The dangerous and sometimes deadly synthetic marijuana drug called K2 has reared its head again, this time in the nation’s capital. Over the last two weeks, D.C. has seen an average of 25 K2 overdoses each day, totaling more than 300 overdoses so far. But Washington, D.C. is only the latest city to be hit by the drug, which is wreaking havoc across the United States.

CDC Is Searching for Answers to the National Synthetic Marijuana Epidemic

Calling “K2” or “Spice” a synthetic marijuana drug is being generous. In reality, the drug is a manmade chemical cocktail of various psychoactive substances. The chemical mixture is then sprayed onto dried herbs or plant material, giving the drug an appearance similar to botanical cannabis.

In other words, there’s no cannabis in synthetic marijuana. Far from it, K2 often contains an ad hoc combination of otherwise legal compounds, including chemicals like rat poison and blood thinner. Often those combinations create terrifying and harmful effects, from seizures to loss of consciousness and even uncontrollable bleeding.

Because K2 doesn’t contain anything that’s illegal on its own, the drug is incredibly common. It’s also cheap and easy to obtain, sold in colorful packaging under a variety of names at corner bodegas, gas stations, and smoke shops.

As a result, health workers and law enforcement are searching for solutions to the K2 problem. They’re unsure why overdoses keep going up, especially since cannabis is legal in D.C.

One reason might be the fact that synthetic marijuana generally won’t show up on a drug test. If you have to take a urine test, K2 use likely won’t trigger a positive. So if you’re on probation, or in a job where you’ll have to take a drug test, K2 might be a compelling alternative to natural cannabis.

D.C. Deaths Likely Linked To K2 Overdoses

According to NPR, D.C. Fire and EMS first responders have gone out on 463 calls for suspected K2 overdoses in just 12 days.

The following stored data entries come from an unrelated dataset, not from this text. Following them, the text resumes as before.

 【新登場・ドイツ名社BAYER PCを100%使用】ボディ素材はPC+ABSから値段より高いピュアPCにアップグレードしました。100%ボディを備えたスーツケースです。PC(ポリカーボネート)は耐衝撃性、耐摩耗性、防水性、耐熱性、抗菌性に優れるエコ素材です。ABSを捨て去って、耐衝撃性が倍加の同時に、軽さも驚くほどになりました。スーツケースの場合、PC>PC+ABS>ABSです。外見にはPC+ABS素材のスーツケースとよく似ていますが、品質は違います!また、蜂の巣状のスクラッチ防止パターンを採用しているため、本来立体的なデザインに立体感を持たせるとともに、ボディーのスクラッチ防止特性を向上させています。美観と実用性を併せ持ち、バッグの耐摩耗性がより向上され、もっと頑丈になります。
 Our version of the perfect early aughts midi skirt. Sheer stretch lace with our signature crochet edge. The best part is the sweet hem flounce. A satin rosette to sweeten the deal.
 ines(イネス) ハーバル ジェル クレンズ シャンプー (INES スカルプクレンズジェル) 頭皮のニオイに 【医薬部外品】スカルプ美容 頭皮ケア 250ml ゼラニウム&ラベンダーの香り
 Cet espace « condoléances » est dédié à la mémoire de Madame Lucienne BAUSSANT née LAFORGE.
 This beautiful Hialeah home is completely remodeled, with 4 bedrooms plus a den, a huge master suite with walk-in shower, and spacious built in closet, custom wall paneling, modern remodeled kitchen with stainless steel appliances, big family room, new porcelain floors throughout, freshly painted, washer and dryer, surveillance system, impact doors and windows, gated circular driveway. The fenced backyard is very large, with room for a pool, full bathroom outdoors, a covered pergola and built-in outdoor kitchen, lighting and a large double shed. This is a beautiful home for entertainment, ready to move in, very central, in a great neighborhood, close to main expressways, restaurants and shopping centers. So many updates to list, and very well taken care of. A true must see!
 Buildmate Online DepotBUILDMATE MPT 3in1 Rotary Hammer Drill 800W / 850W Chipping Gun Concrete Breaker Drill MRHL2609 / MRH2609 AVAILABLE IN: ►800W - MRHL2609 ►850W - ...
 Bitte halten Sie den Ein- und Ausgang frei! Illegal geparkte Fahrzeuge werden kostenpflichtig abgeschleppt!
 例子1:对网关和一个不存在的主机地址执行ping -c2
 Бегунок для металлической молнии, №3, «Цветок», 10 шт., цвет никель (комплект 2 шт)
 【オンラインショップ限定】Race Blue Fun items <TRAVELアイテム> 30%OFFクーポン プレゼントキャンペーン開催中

When responders arrive, they often find groups of people suffering from the same conditions. They’re lethargic. They’re vomiting. And they’re generally zombies, barely conscious.

Of those 463 calls, EMS transported 340 individuals to hospitals for treatments for overdosing on K2. Some of those people died. And while officials haven’t confirmed a cause of death, the Office of the Chief Medical Examiner in D.C. strongly suspects K2 is the culprit.